Exercise prompt:
When you reach the line containing "기준일을 선택하면 반복처방 창이 나오게되며 진료옵션설정을 확인한후", begin reproducing the material exactly, stop after the line containing "Vidrio de Borosilicato.", and leave out any pictures along the way.

Data supplied:

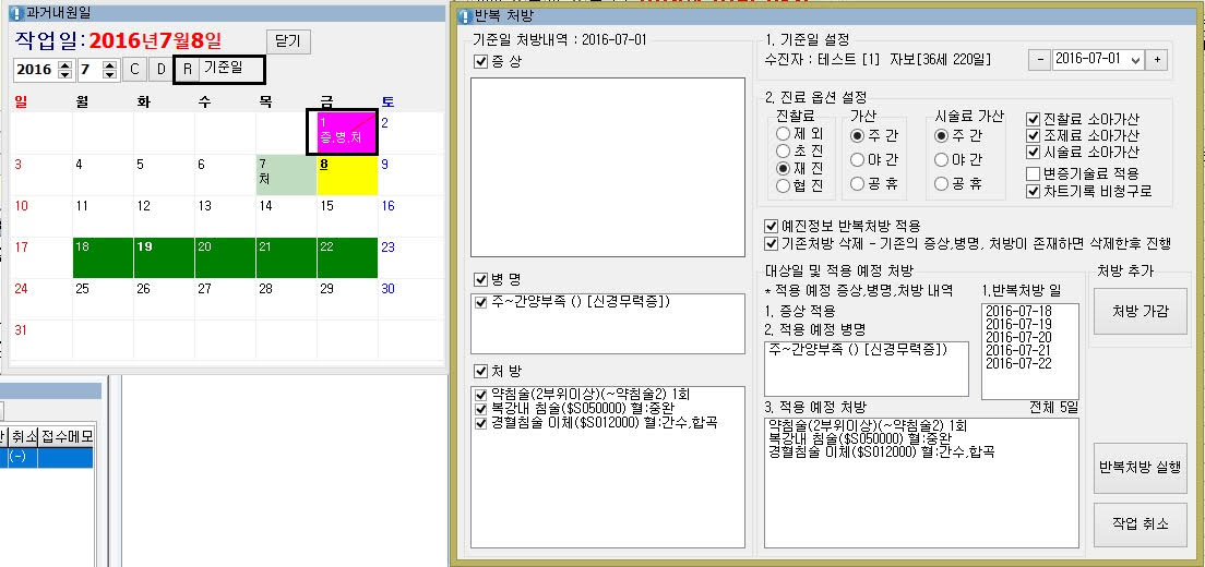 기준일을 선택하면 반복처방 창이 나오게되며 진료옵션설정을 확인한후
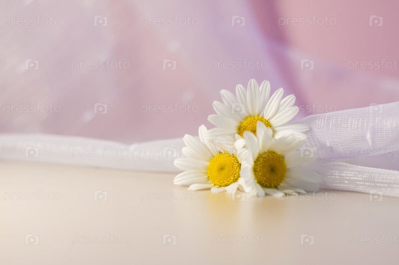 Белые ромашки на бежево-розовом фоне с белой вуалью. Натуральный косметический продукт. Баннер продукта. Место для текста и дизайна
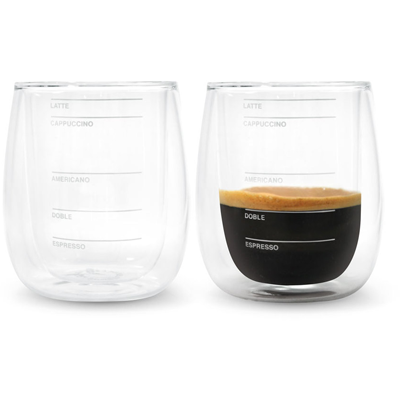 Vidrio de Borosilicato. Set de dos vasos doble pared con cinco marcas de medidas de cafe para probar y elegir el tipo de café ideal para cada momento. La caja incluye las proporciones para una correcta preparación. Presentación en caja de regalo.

* * *

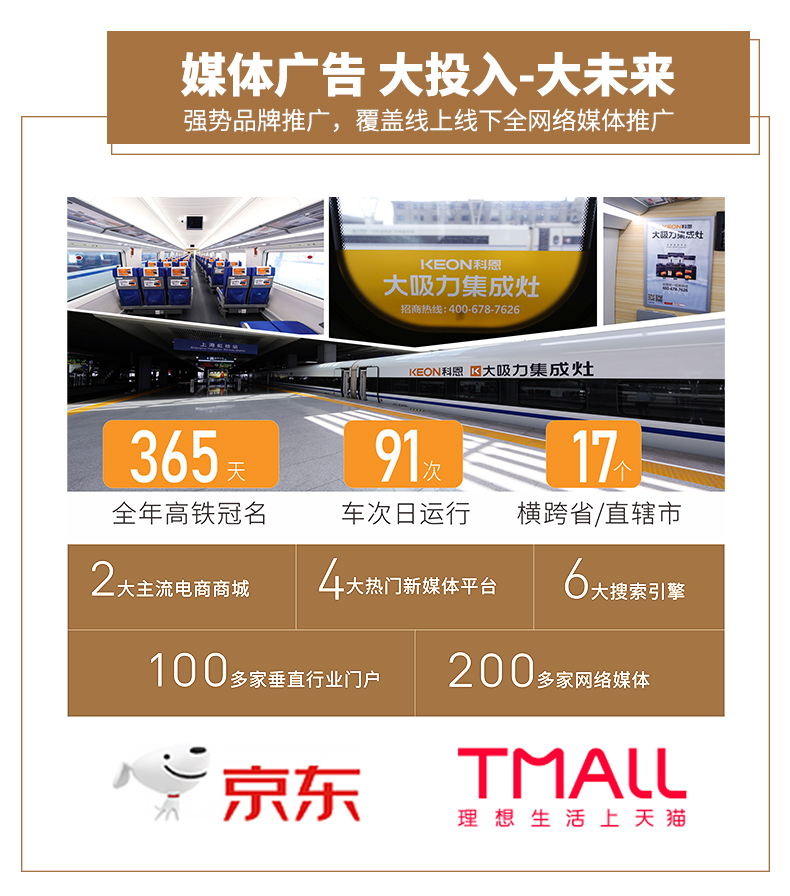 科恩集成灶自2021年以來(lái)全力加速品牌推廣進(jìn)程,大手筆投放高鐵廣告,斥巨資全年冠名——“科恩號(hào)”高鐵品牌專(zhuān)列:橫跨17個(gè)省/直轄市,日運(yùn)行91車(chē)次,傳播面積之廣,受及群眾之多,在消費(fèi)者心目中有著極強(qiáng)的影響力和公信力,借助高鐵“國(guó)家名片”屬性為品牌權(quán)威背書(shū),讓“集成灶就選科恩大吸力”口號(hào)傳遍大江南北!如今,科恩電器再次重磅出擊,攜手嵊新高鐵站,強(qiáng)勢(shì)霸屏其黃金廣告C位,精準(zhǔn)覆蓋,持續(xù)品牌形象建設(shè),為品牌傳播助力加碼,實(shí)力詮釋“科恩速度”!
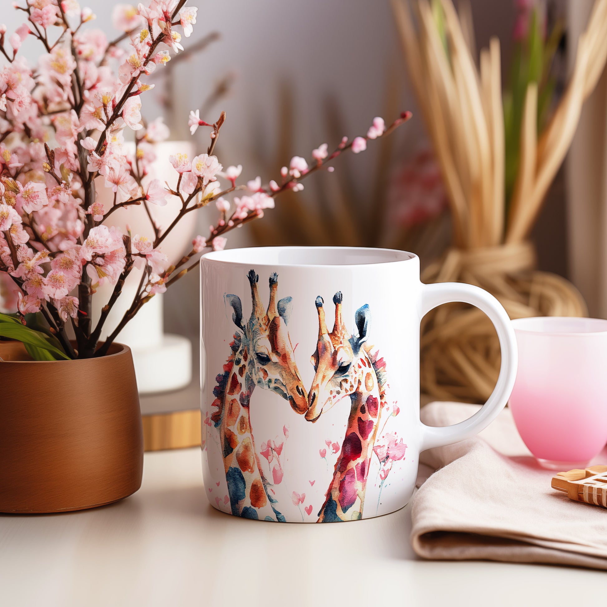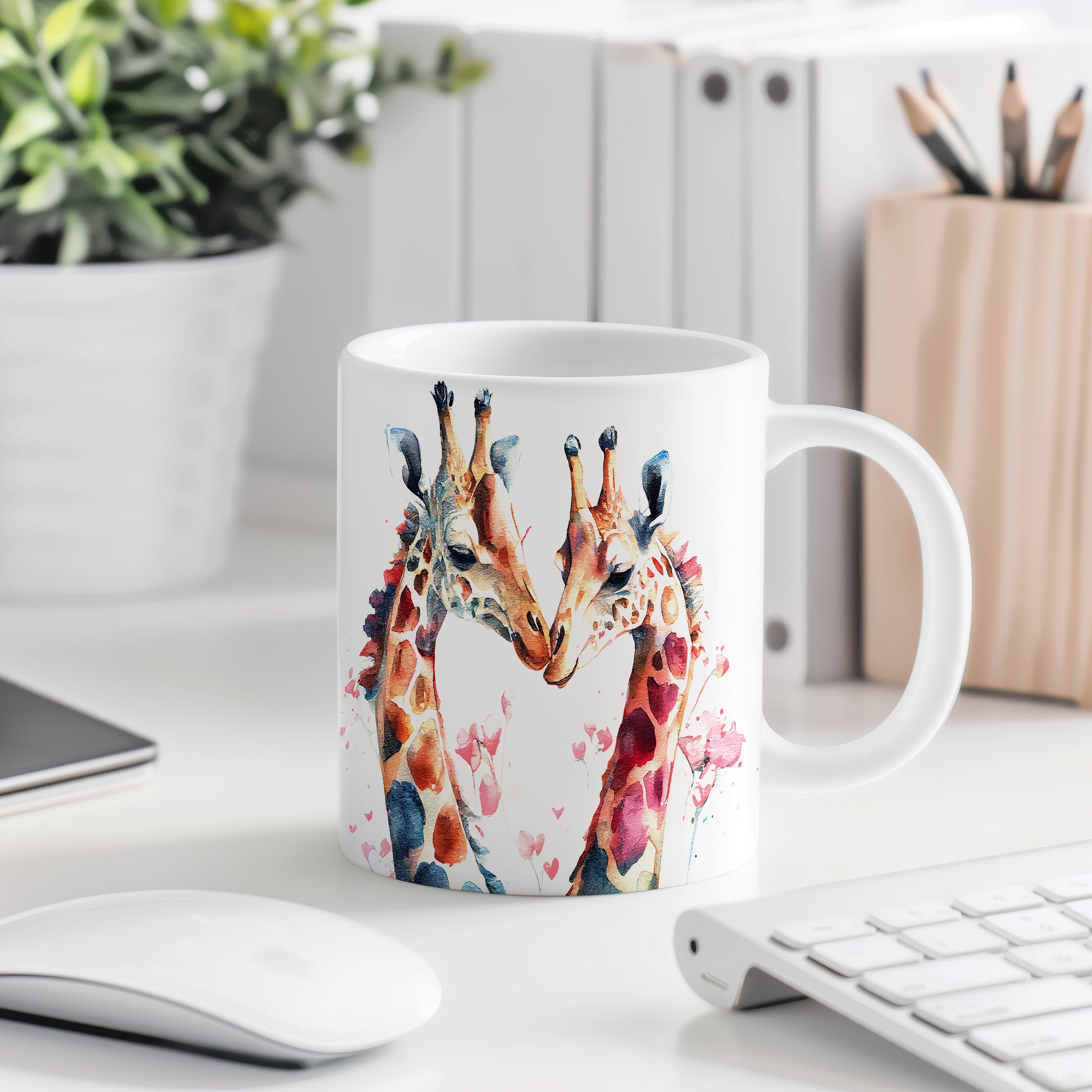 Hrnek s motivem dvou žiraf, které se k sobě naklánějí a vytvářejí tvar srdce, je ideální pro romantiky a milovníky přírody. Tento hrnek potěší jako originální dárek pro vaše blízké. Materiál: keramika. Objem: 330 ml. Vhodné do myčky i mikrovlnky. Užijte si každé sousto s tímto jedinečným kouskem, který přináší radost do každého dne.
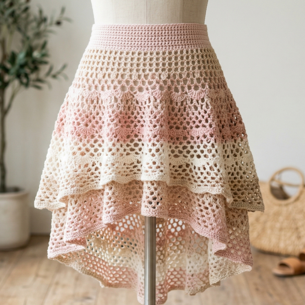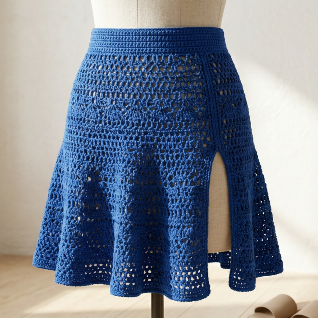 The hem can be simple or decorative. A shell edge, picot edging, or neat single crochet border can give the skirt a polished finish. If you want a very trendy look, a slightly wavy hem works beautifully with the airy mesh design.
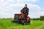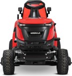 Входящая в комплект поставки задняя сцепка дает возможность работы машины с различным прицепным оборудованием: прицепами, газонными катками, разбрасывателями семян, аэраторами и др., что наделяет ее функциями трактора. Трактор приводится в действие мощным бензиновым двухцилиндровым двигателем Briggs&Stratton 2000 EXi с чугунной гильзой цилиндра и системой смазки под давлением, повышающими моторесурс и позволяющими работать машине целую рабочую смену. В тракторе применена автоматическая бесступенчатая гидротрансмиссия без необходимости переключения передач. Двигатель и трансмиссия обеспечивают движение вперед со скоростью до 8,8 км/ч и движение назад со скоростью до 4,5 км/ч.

Answer:
 기준일을 선택하면 반복처방 창이 나오게되며 진료옵션설정을 확인한후
 Белые ромашки на бежево-розовом фоне с белой вуалью. Натуральный косметический продукт. Баннер продукта. Место для текста и дизайна
 Vidrio de Borosilicato. Set de dos vasos doble pared con cinco marcas de medidas de cafe para probar y elegir el tipo de café ideal para cada momento. La caja incluye las proporciones para una correcta preparación. Presentación en caja de regalo.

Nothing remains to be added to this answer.